Five decades of increasing interconnectivity have opened up the world to massive international flows of goods, services, money, ideas, data, and people. We now experience the effects of war, pathogens, technology, human migrations, and economic and ecological disasters on an unprecedented scale, as a global community.

Globalization is not new but our vulnerabilities have been laid bare by the rapid progression and enormous scope of this pandemic. COVID-19 make it crystal clear that the consequences of globalization must be addressed systemically. We need to organize ourselves in ways that can better mitigate the risks associated with complexity.


Currently, scientific expertise is siloed and hyper-specialized, focusing primarily on incremental advances in esoteric subfields. Complexity demands that we expand our knowledge sets. Specialization alone limits cross-fertilization; precludes knowledge integration; and, obscures the fundamental truth that we are all connected.
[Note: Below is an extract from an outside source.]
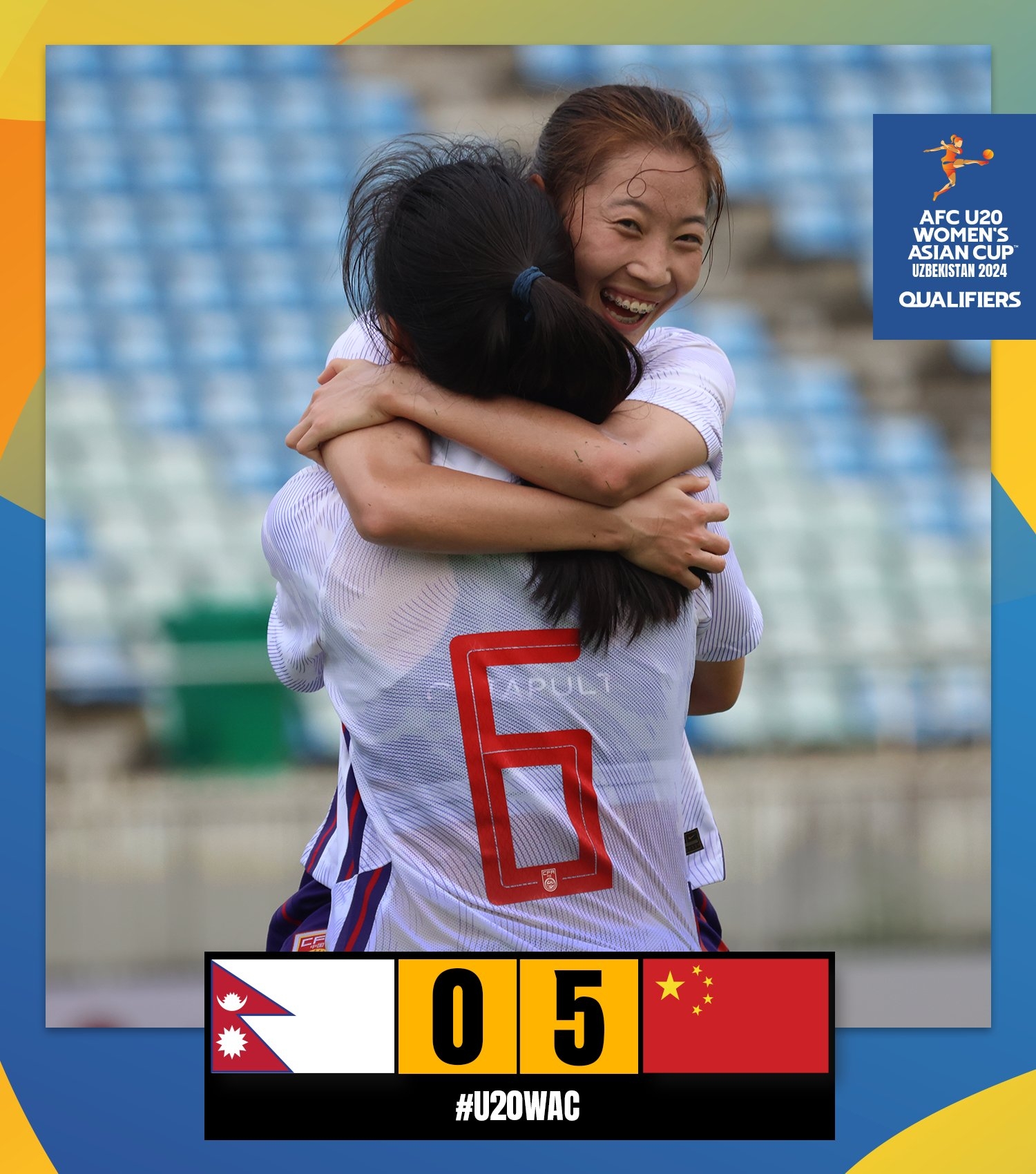 全场比赛结束,中国U20女足5-0击败尼泊尔女足。
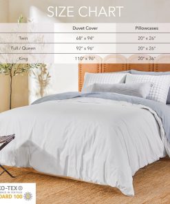 SHOP THE LOOK: Estos son los artículos adicionales mostrados en nuestra foto de estilo de vida; Juego de sábanas de algodón chambray de 4 piezas en tamaño individual en gris claro; Funda de almohada euro acolchada de algodón en blanco; Cojín de algodón con rayas texturizadas en azul marino; Utilice el número entre paréntesis para buscar los artículos coordinados en nuestra tienda; Desplácese hacia abajo para obtener más información. DETALLES FINOS: Set de 2 incluye 1 edredón y 1 funda de almohada estándar/queen a juego con cierre de solapa de 4 pulgadas en el centro; El set de algodón percal de 200 hilos es suave, duradero y naturalmente transpirable; La funda de edredón de algodón percal está tejida para ser fresca al tacto; La ropa de cama percal es resistente a las bolitas y absorbe la humedad; Las correas en las esquinas evitan que la ropa de cama se desplace; Los cierres de botones ocultos no se engancharán en mantas o ropa; La ropa de cama es ligera, crujiente y fresca para los meses más cálidos. CREA TU HISTORIA ÚNICA: La ropa de cama es una forma sencilla de agregar un toque personal a tu espacio; La paleta de colores neutros crea la base perfecta para la ropa de cama; Combina este juego de edredón con sábanas, un edredón, mantas y almohadas de la colección Nate Home para un aspecto elegante; Integrar tus patrones, telas e impresiones favoritos crea textura y añade un toque elegante a tu dormitorio; Explora toda la colección en nuestra Tienda de la marca Nate Home. MATERIAL + CUIDADO: Fabricado con fibras de algodón premium al 100% con un tejido percal y 200 hilos; Lavable a máquina; Para obtener mejores resultados, sigue la etiqueta de cuidado; CERTIFICADO OEKO-TEX: Este producto está certificado según el estándar OEKO-TEX 100; Todos los textiles fabricados en una fábrica con el estándar OEKO-TEX 100 cumplen con normas de seguridad y medioambientales y están libres de sustancias químicas nocivas. MEDIDAS: Funda de Edredón 68″ x 94″; Cada funda de almohada estándar/queen 20″ x 26″; Puede haber ligeras variaciones de color entre la imagen del producto y el producto debido a diferencias en la configuración del monitor y del dispositivo; Nos esforzamos por asegurar que nuestras imágenes muestren el producto de la manera más precisa posible

Modern science is also largely reductionistic. Breaking everything down into tiny parts for analysis tends to frame human knowledge and action as if the world is inert. But it is not – the world is a living system in which we are all a part. Knowledge is not “known” once and for all, it is continuously “becoming”. Knowledge therefore must evolve along with an eco-system that consists of environmental, cultural, economic, political, educational, ethical and physical realities.

Complex, ill-defined problems and their global repercussions require perspectives beyond scientific expertise. Yes, we seem to have forgotten that there are other modes of knowing such as storytelling, the arts, personal experience and fuzzy logic. It is just as important to consider how we experience the phenomenal world, as it is to objectively measure it. We must focus not only on breaking things down but also on context, relationships, integration and subjective experience in relation to the collective.

Specialization without collaboration limits inspiration, isolates ideas and ultimately buries creativity before new solutions can be fully explored. Radical innovation comes from making boundary-spanning leaps. It is only with new crosscutting alliances that we will find solutions to the massive and complex challenges facing the world today. We must conceive platforms that give rise to inclusive and intersectional collaborative action.

To envision and construct holistic approaches we need to cultivate partnerships that are empowered to test new ideas with original designs. We need to nurture creative engagements with novel approaches that can critically address the themes of relationship, process and growth. By redefining our challenges and constructing systemic perspectives, we may represent our problems in new ways that render the solutions transparent.